BRIEF: In your reply, repeat every entry exactly and skip over each picture.

INPUT FOR THIS TASK:
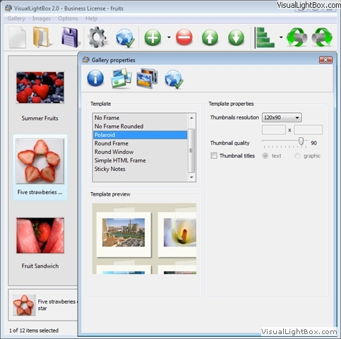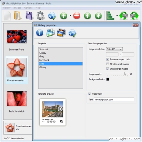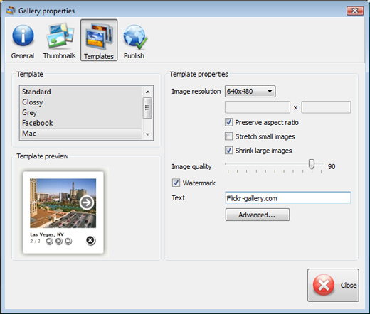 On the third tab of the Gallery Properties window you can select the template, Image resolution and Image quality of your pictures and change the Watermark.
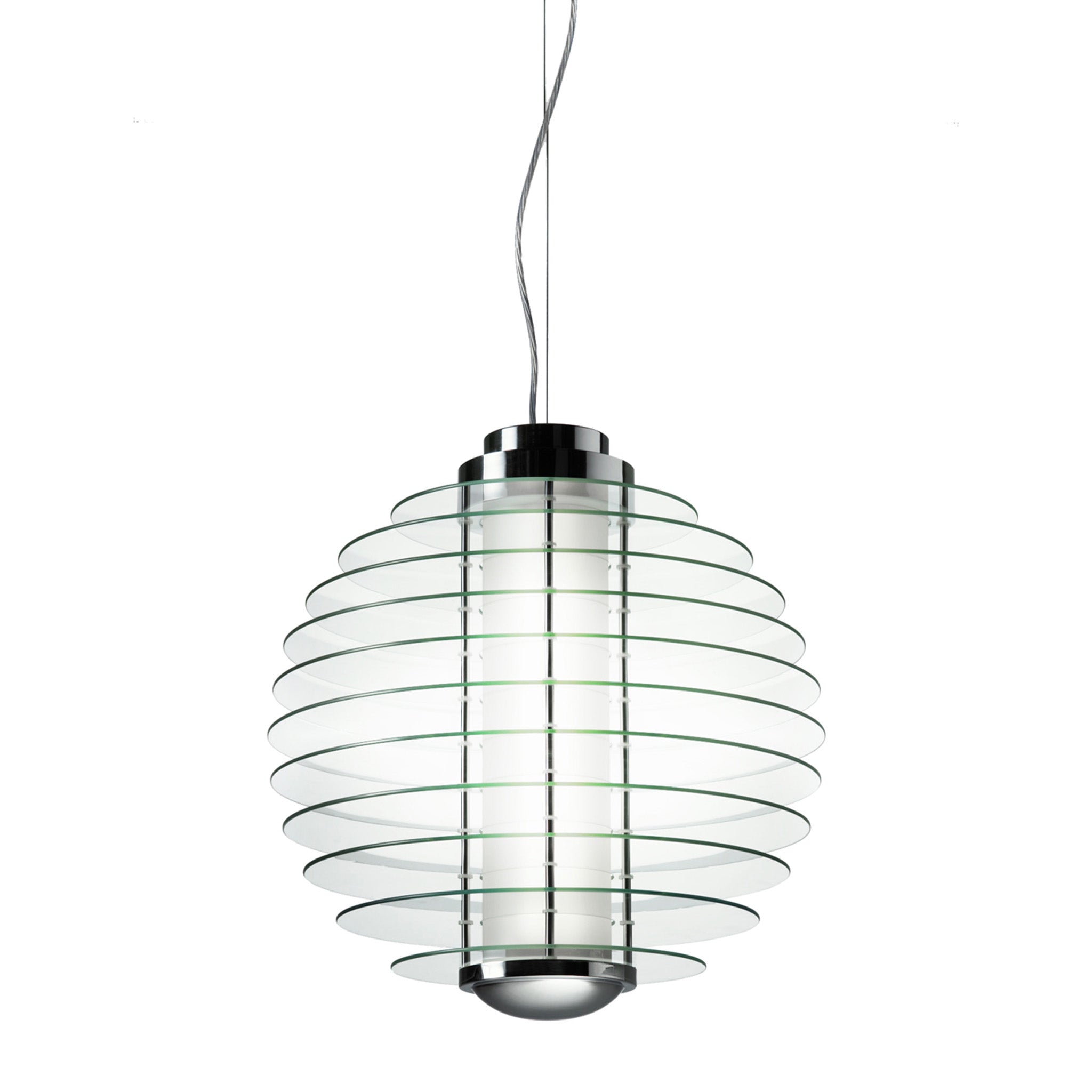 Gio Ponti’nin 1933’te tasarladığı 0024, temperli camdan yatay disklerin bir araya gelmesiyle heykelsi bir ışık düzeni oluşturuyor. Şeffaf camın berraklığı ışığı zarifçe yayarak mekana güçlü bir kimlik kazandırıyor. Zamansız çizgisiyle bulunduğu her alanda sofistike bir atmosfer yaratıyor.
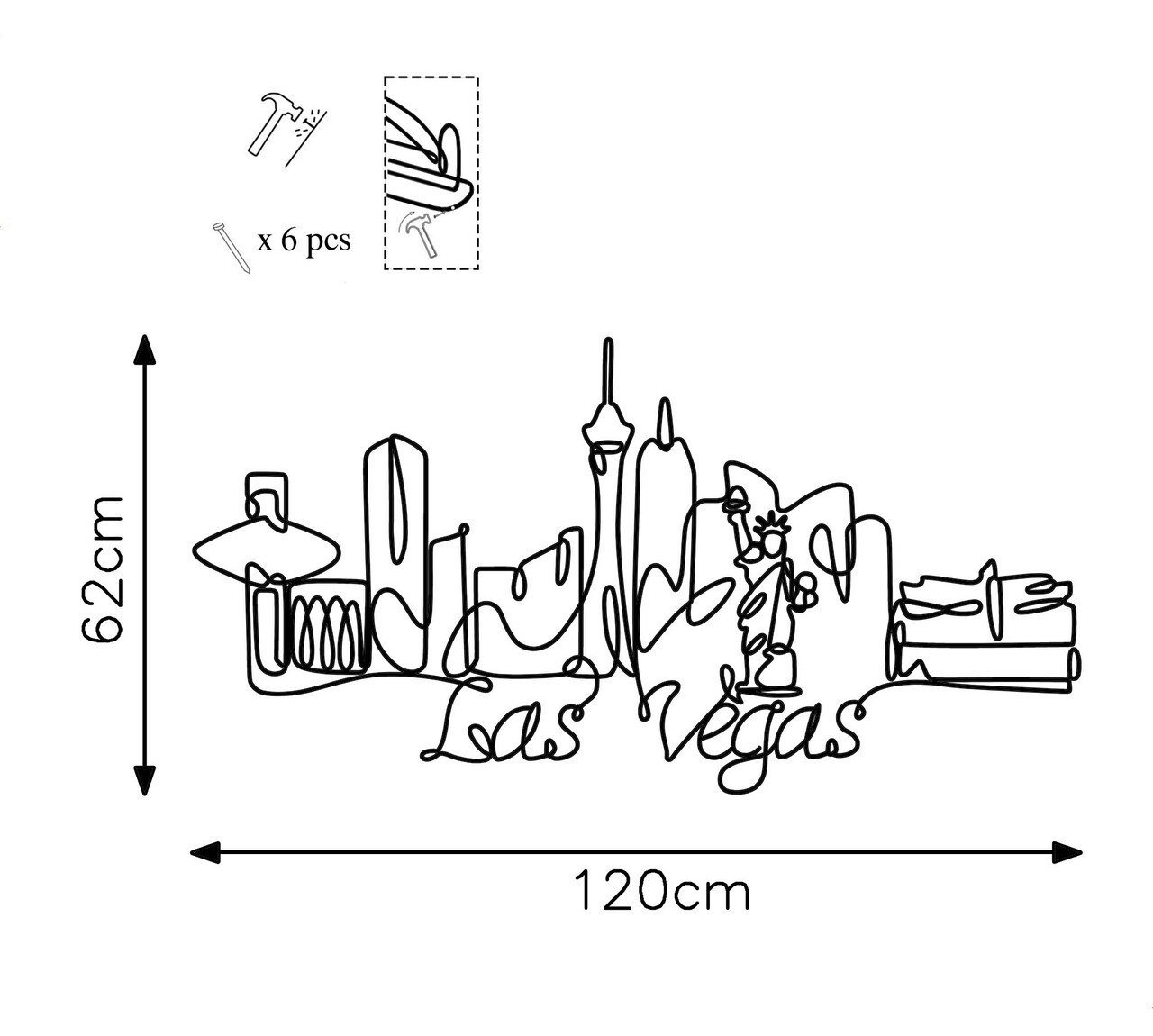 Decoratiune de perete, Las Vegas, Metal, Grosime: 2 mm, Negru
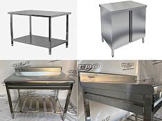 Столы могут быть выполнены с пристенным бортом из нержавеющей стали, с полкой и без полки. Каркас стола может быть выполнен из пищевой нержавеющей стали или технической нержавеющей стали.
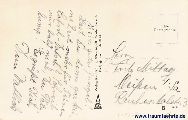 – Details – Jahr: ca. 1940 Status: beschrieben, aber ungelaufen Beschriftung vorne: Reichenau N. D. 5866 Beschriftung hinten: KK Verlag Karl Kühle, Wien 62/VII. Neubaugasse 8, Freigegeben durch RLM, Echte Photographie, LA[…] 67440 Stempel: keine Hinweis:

TASK RESULT:
 On the third tab of the Gallery Properties window you can select the template, Image resolution and Image quality of your pictures and change the Watermark.
 Gio Ponti’nin 1933’te tasarladığı 0024, temperli camdan yatay disklerin bir araya gelmesiyle heykelsi bir ışık düzeni oluşturuyor. Şeffaf camın berraklığı ışığı zarifçe yayarak mekana güçlü bir kimlik kazandırıyor. Zamansız çizgisiyle bulunduğu her alanda sofistike bir atmosfer yaratıyor.
 Decoratiune de perete, Las Vegas, Metal, Grosime: 2 mm, Negru
 Столы могут быть выполнены с пристенным бортом из нержавеющей стали, с полкой и без полки. Каркас стола может быть выполнен из пищевой нержавеющей стали или технической нержавеющей стали.
 – Details – Jahr: ca. 1940 Status: beschrieben, aber ungelaufen Beschriftung vorne: Reichenau N. D. 5866 Beschriftung hinten: KK Verlag Karl Kühle, Wien 62/VII. Neubaugasse 8, Freigegeben durch RLM, Echte Photographie, LA[…] 67440 Stempel: keine Hinweis:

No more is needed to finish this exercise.